Dengan fungsi tersebut, Polisi RW adalah agen terdepan dalam meredam gejolak di tingkat RT-RW, serta membantu tugas polisi menangkap pelaku kejahatan. Polisi RW juga memiliki fungsi sebagai penyuplai informasi lapangan tentang situasi dan kondisi.
Asfuri melanjutkan, petugas polisi RW tak hanya memiliki kewajiban membantu tugas polisi, namun juga mempunyai kewajiban menjaga netralitas. Asfuri menyadari saat ini Kota Malang sedang menuju bulan pemilihan umum 2018. Dia menegaskan polisi tak boleh bercondong kepada salah satu pasangan calon dan wajib menjaga netralitas layaknya aparat polisi.

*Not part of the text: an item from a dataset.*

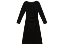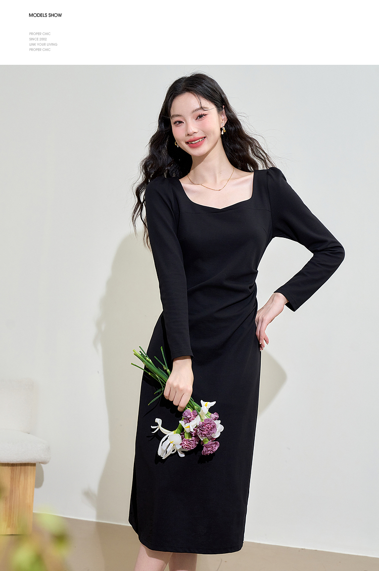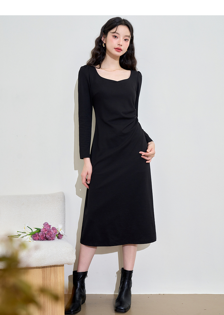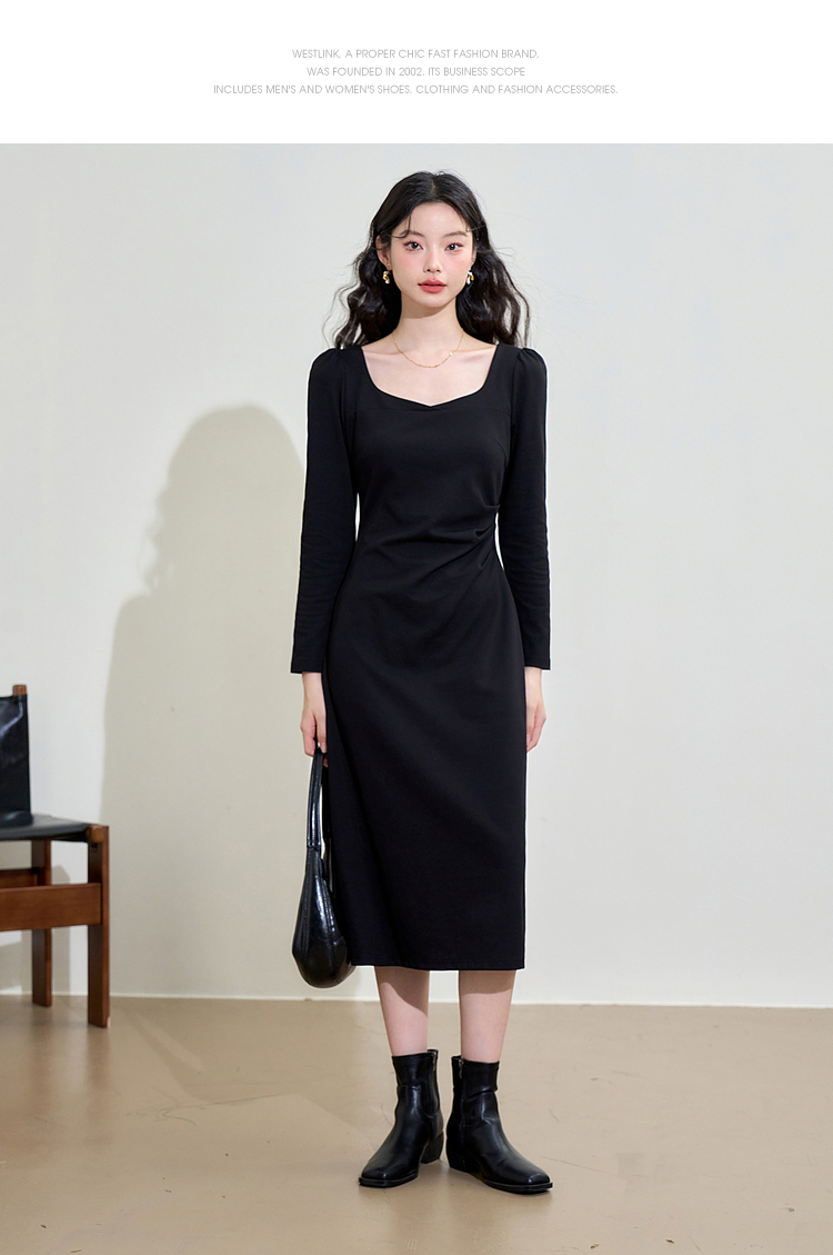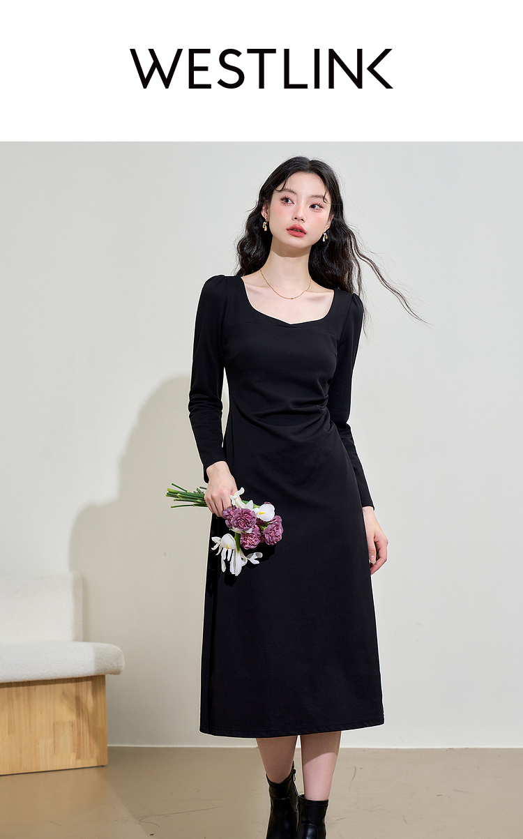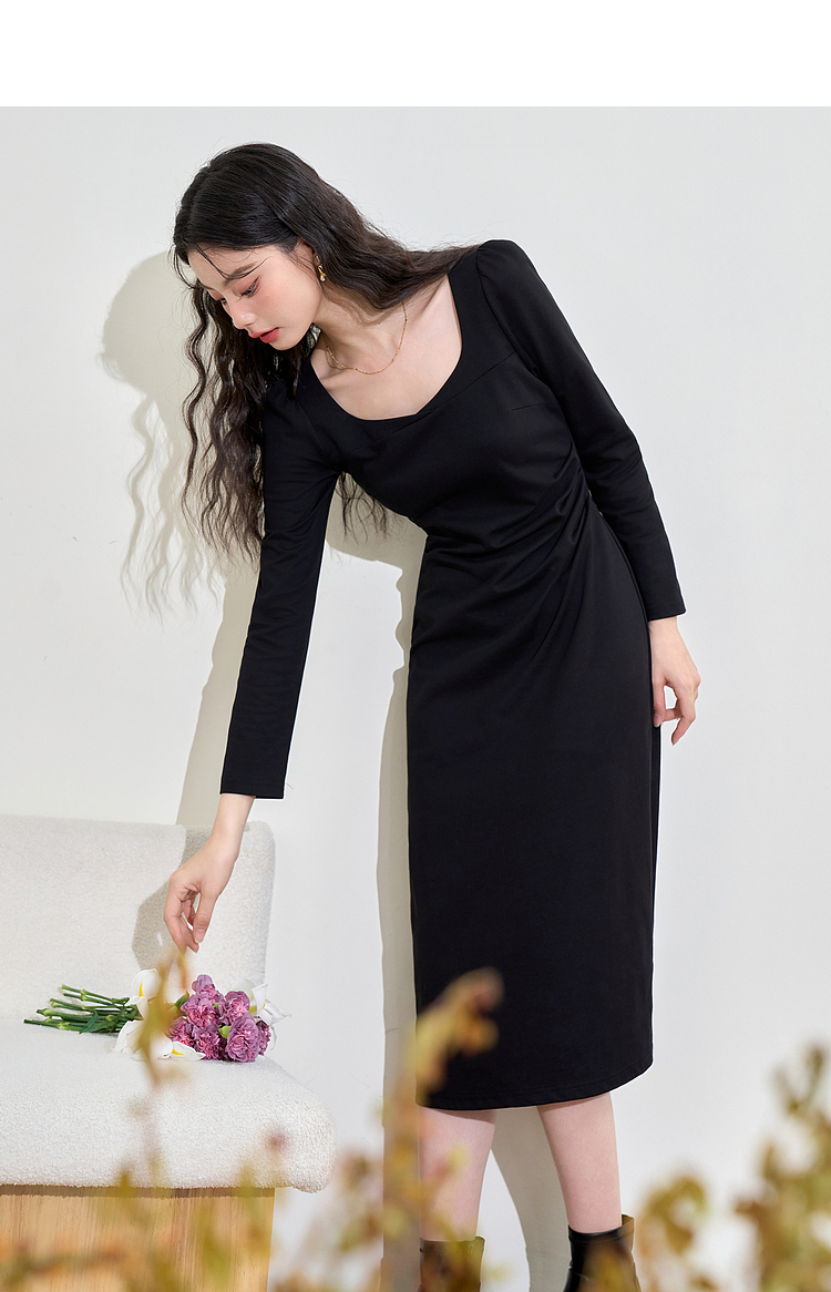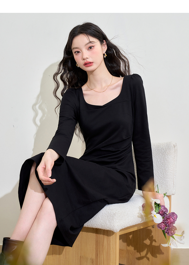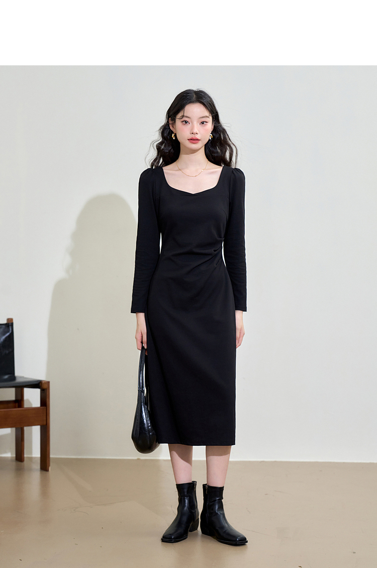 气质优雅高级感长袖连衣裙女早春交叉领重工打褶收腰长裙V3442250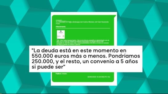 Un mensaje que figura en el escrito que la defensa de Aldama ha presentado para oponerse a la petición del PSOE para que vuelva a prisión. En él, el empresario se dirige a Moreno por su nombre de pila -"Hola Carlos buenas tardes", comienza el texto-, aporta el CIF de la compañía en cuestión y le indica que él mismo es uno de sus administradores, junto a su número de teléfono. Asimismo, propone pagar ahora una parte de la deuda y aplazar el resto y se despide con un "abrazo y gracias".

"Sebaliknya polisi harus memberikan pengamanan dan rasa nyaman kepada masyarakat yang ikut memeriahkan pesta demokrasi, serta menjaga iklim kondusif saat kampanye, maupun momen pencoblosan. Kalau ditanya oleh para pasangan calon, jawab bahwa polisi itu netral dan tidak memihak kepada siapapun selama masa pemilu," tambah Asfuri.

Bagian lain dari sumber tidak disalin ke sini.